Едва успел Михаил Семеонович, не прекращая свои возбужденно-радостные рассуждения, переоблачиться в домашнее, как нагрянули Оккеры. Без приглашения и предупреждения. Не с радостью, а с тревогой своей. Через несколько дней их дочь уезжала на фронт, никак не желая остаться здесь, хотя ее распределили в укрепрайон совсем недалеко от Хабаровска.
— Добилась своего, — с заметной гордостью, промокая набухшие слезами глаза, говорила Лариса Карловна. — Добилась…
Владимир Васильевич относился к поступку дочери тоже двойственно: он и расстроился, ибо уже знал до этого, куда направлялась Виктория, привык к этому, и вдруг — такое; но он не мог и не гордиться дочерью, понимая, какая настойчивость потребовалась от хрупкой девчонки для того, чтобы добиться своего; только все эти его личные переживания отступали от главного — Оккера угнетали мысли о той сложности, какая наступит после отправления дивизии на фронт. Уедут лучшие и самые опытные пограничники, а взамен придет несмышленая молодежь, да и то не сразу; японцы же, вполне возможно, прознают, что заставы обезлюдят, и как пить дать усилят провокации. Белоказаки тоже полезут. У хунхузов наглости прибавится. Жалел Оккер и начальника штаба. Надежного работника и не менее надежного друга.

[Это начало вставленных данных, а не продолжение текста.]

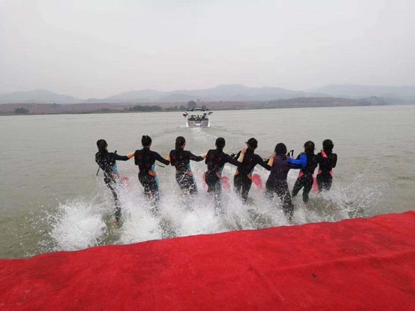 漩水湾与对岸的直线距离在300米以上,作为淮州新城境内沱江水域两岸面积最为开阔的一段,其独有的地理优势很适合开展多项水上项目。成都车道馆水上运动中心队员告诉记者,作为与成都天府花园梦里水乡水上游乐园有限公司的合作方,现在到这边来训练的大概有10余人,都取得了专业的资质。目前中心正在做策划方案,内容包括摩托艇试驾体验、冲浪、尾波滑水、快艇、水上飞人体验等营业项目,预计正式对外开放时间和“东进港”的开放时间是一致的。

Вот с такими, совсем не схожими, настроениями сели за стол, наспех сервированный к чаю. Каждому хотелось высказать свое, сокровенное, но каждый понимал состояние остальных, опасался, не случилась бы неловкость от его назойливости, оттого разговор за столом поначалу не ладился. Свела же в одно русло все их разнополосные состояния главная, всех одинаково волнующая тема — положение дел на фронте. Уместным тут оказался и разговор о скором отъезде Виктории, и письмо Владлена пришлось ко времени, тем более что когда внимательно в него вчитались, то поняли: под Сталинградом готовится крепкий по фашистам удар.
— Вот и пособишь, Михаил Семеонович, сыну. И то верно: пора расправить русскую грудь. Пора. Сколько же можно пятиться? Со времен татар такого урона не несли мы. Пора, одно слово. Иль вовсе неумехи мы да трусы, чтоб, значит, немцу, битому-перебитому прежде, спины казать?! — заговорил вдохновенно Оккер. — Все на фронт рвутся! Вся Советская страна. Вон дочь моя, пигалица пигалицей, а туда же! Неужто не переломим хребет зверюге, навалившись всенародным гуртом?!
— Брусиловский расчет и брусиловская великая смелость нужны, — возражая Оккеру, перебил его Богусловский. — Энтузиазм масс — важный фактор, только к нему, энтузиазму, хорошо бы приложить умелое стратегическое и даже тактическое мышление. Артиллерия мощная нужна. «Катюши» нужны не по счету. Авиация… Без современной техники, без новаторского использования такой техники мы так и будем только отмахиваться да стоять насмерть. Как мне видится, прорыв нужен. Брусиловский прорыв. Только еще лучше скоординированный. Все фронты должны на него работать.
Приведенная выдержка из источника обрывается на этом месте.